That’s where Deep Learning as a Service (DLaaS) can help. DLaaS helps overcome the limitations of local AI systems by saving companies time, money, and hassle in establishing an on-site solution. As a cloud-based solution, it offers a faster, more affordable, and more scalable alternative than a local system.
Read on to find out what DLaaS is, how it works, the different use cases of DLaaS, and what to look for in a DLaaS service provider.
What Is Deep Learning as a Service (DlaaS)?
DLaaS is a type of cloud computing service that enables businesses and individuals to access a wide range of deep learning capabilities. DLaaS encompasses various technologies, including natural language processing (NLP), computer vision, and automatic speech recognition. These technologies enable the AI system to process large amounts of data, recognize patterns, and predict potential future outcomes.

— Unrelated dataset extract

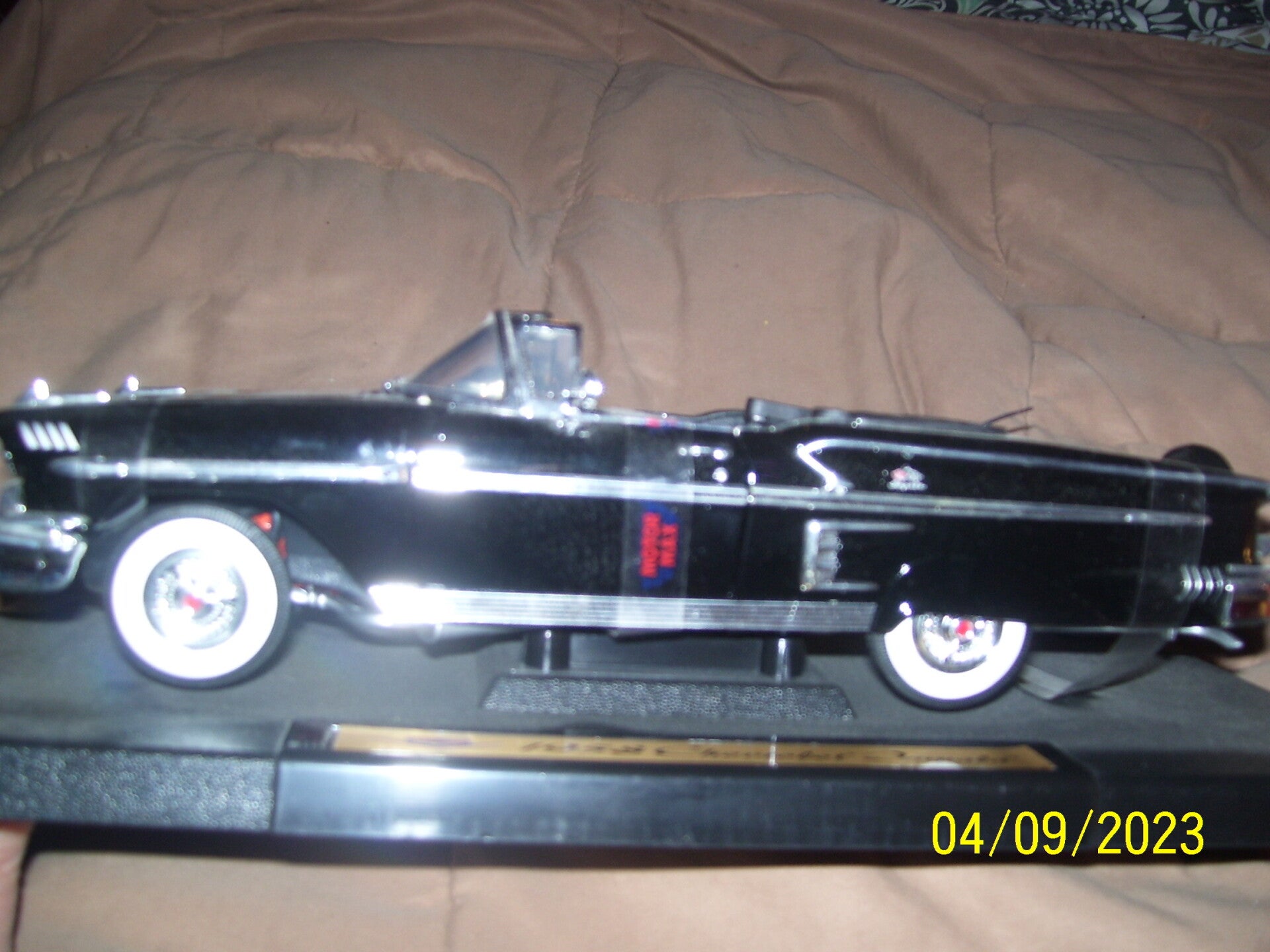 Pictured is a 1958 Chevrolet convertible manufactured by Motor Max.It has a box and veiwing stand but the box isn't in good condition but the car is in perfect condition.

To access DLaaS services, users need only a secure internet connection and to pay an ongoing monthly or annual subscription fee. DLaaS providers typically charge for their services on a pay-as-you-go basis. That means you pay only for the services you use. This makes it easy for you to anticipate your ongoing AI expenditure over the long term.
How prominent is the use of DLaaS on a global scale? The AI enterprise applications market, which includes DLaaS, has an estimated market size of 31bn USD. Much in the same way that companies have switched to Software as a Service (SaaS) platforms over the years, those same companies are always resorting to DLaaS providers to fulfil their AI integration needs.
How Does DLaaS Work?
DLaaS operates on the ‘as a service’ platform. That means all the deep learning tools and software are hosted in the cloud on remote data centers. The DLaaS providers are responsible for the setup, deployment, and ongoing maintenance of the deep learning services they offer.
DLaaS deploys a wide range of technologies to be functional. These include deep learning algorithms running on artificial neural networks, consisting of interconnected nodes whose structure replicates the human brain. These nodes collaborate to process large amounts of input data, flowing through multiple layers to perform nonlinear transformations. The final output generates an accurate prediction.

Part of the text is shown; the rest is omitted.